**Stored data entries**:
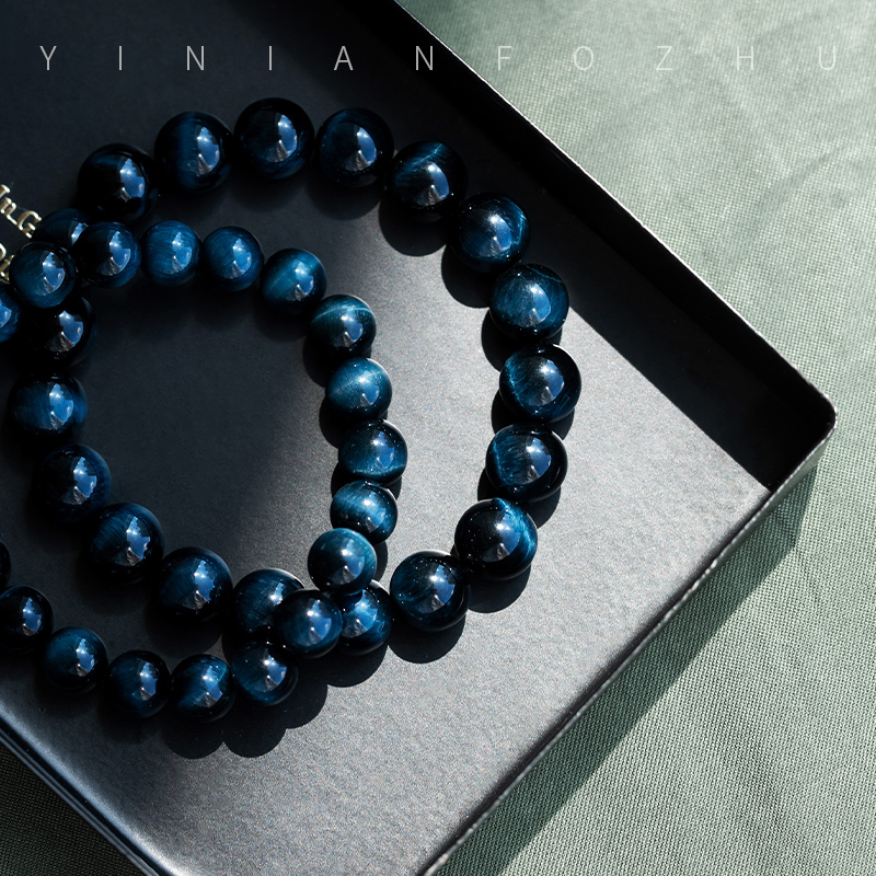 速发超强闪电纹!蓝色星球!南非7A级蓝虎眼石手串男情侣款手链
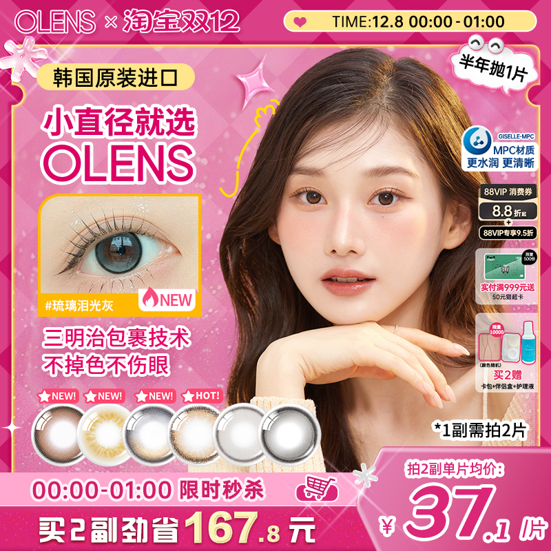 【淘宝秒杀】OLENS日抛美瞳4片新客体验装自然混血小直径隐形眼镜
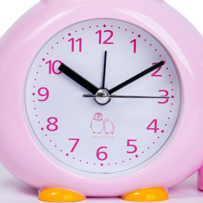 Купить Будильник "Пингвинёнок", с карандашницей, дискретный ход, d-6 см, 12 х 14.5 см, розовый
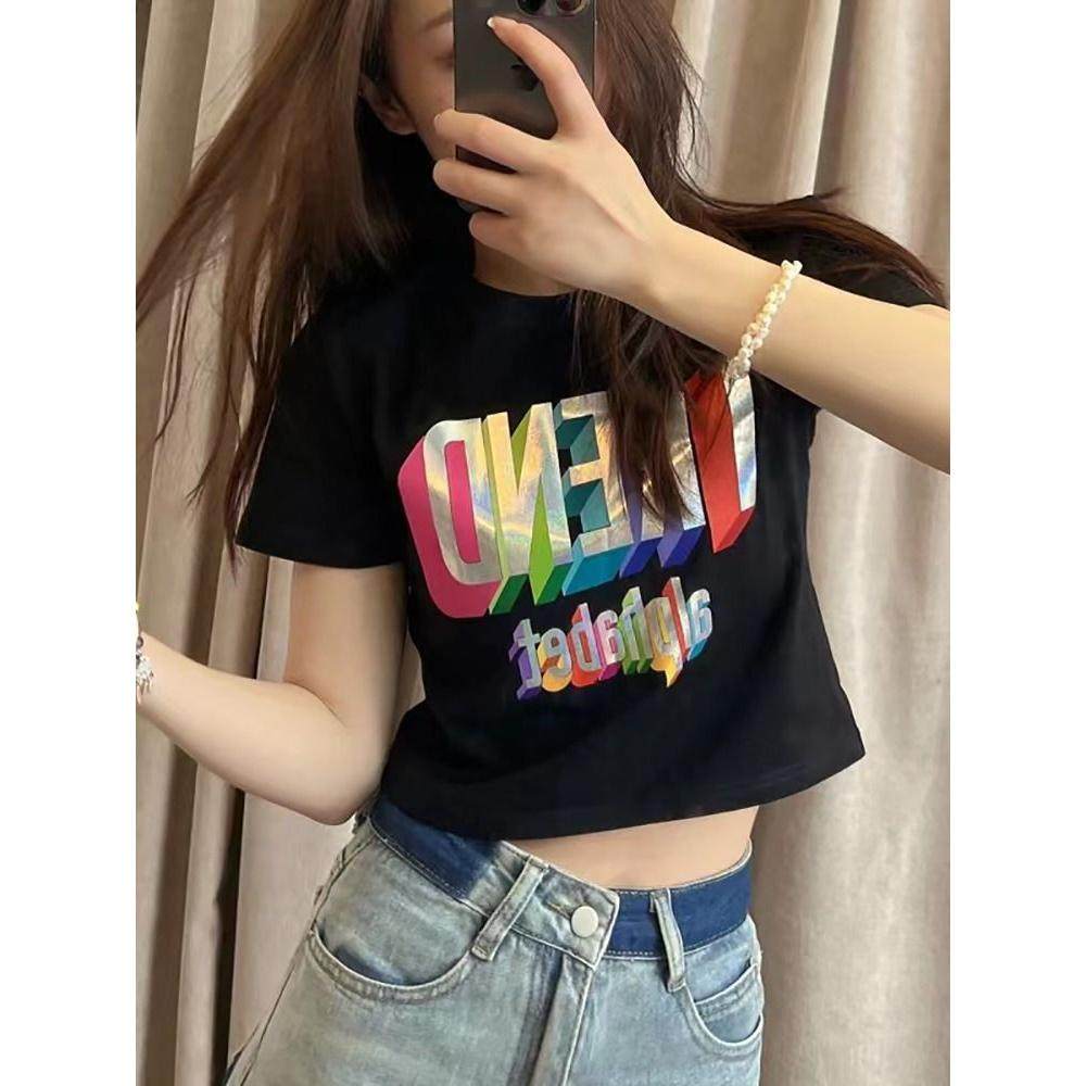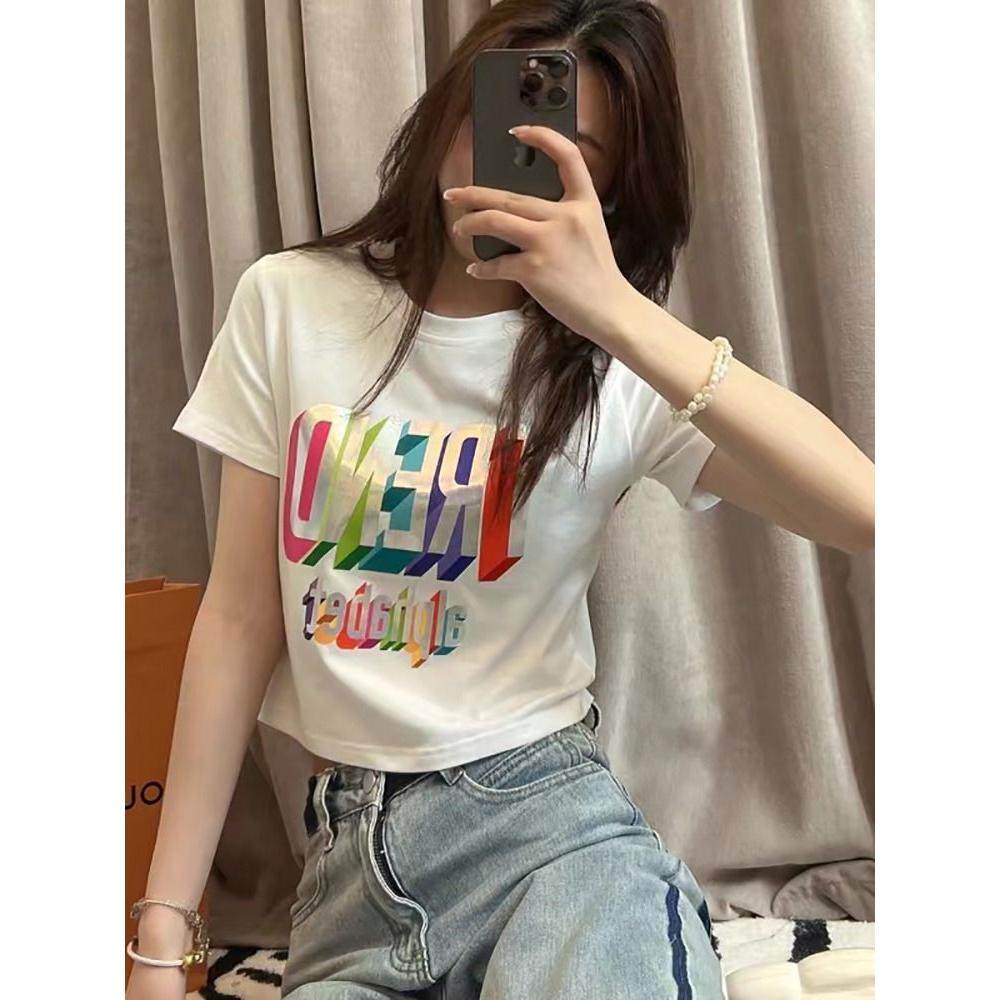 白色短袖t恤女正肩宽松夏季新款纯欲高腰露脐设计感小众短款上衣
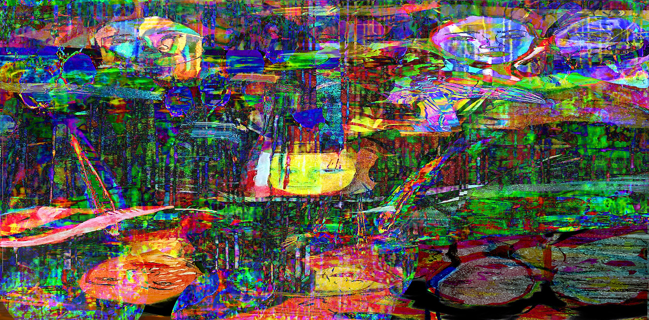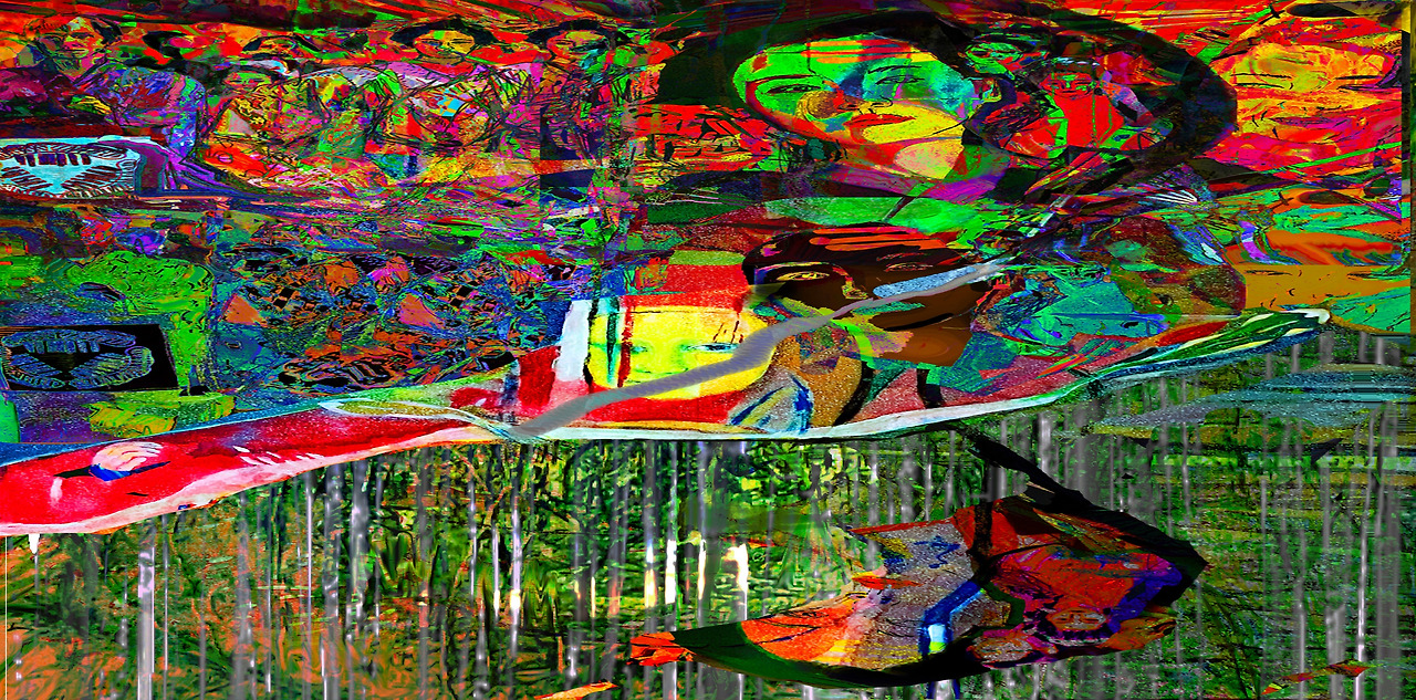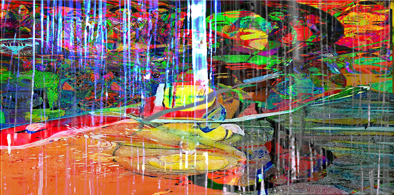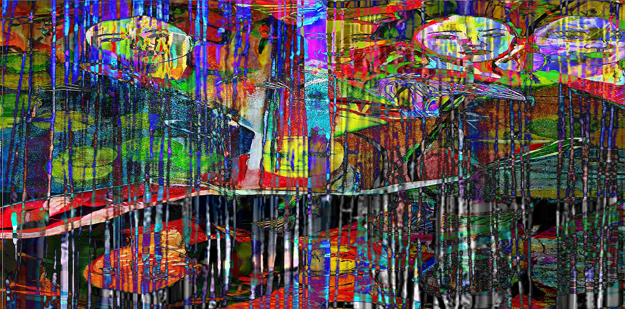 The visualization of the concept of desire: Louis Choi chuljoo, ba-pondmboo forest k274-Morning glory and fish-Mona Lisa design-pond: Visualizing the concept of desire is a cartoon depicting events and performances manually, expressing the background of the cartoon as a landscape of desire with "Bamboo Forest," and the cartoon image reconstructs desire into an abstract and realistic picture.
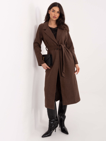 Brązowy długi płaszcz z kieszeniami OCH BELLA

**Activity**: Return all the entries word for word, but omit any pictures they contain.

**Answer to the problem**:
 速发超强闪电纹!蓝色星球!南非7A级蓝虎眼石手串男情侣款手链
 【淘宝秒杀】OLENS日抛美瞳4片新客体验装自然混血小直径隐形眼镜
 Купить Будильник "Пингвинёнок", с карандашницей, дискретный ход, d-6 см, 12 х 14.5 см, розовый
 白色短袖t恤女正肩宽松夏季新款纯欲高腰露脐设计感小众短款上衣
 The visualization of the concept of desire: Louis Choi chuljoo, ba-pondmboo forest k274-Morning glory and fish-Mona Lisa design-pond: Visualizing the concept of desire is a cartoon depicting events and performances manually, expressing the background of the cartoon as a landscape of desire with "Bamboo Forest," and the cartoon image reconstructs desire into an abstract and realistic picture.
 Brązowy długi płaszcz z kieszeniami OCH BELLA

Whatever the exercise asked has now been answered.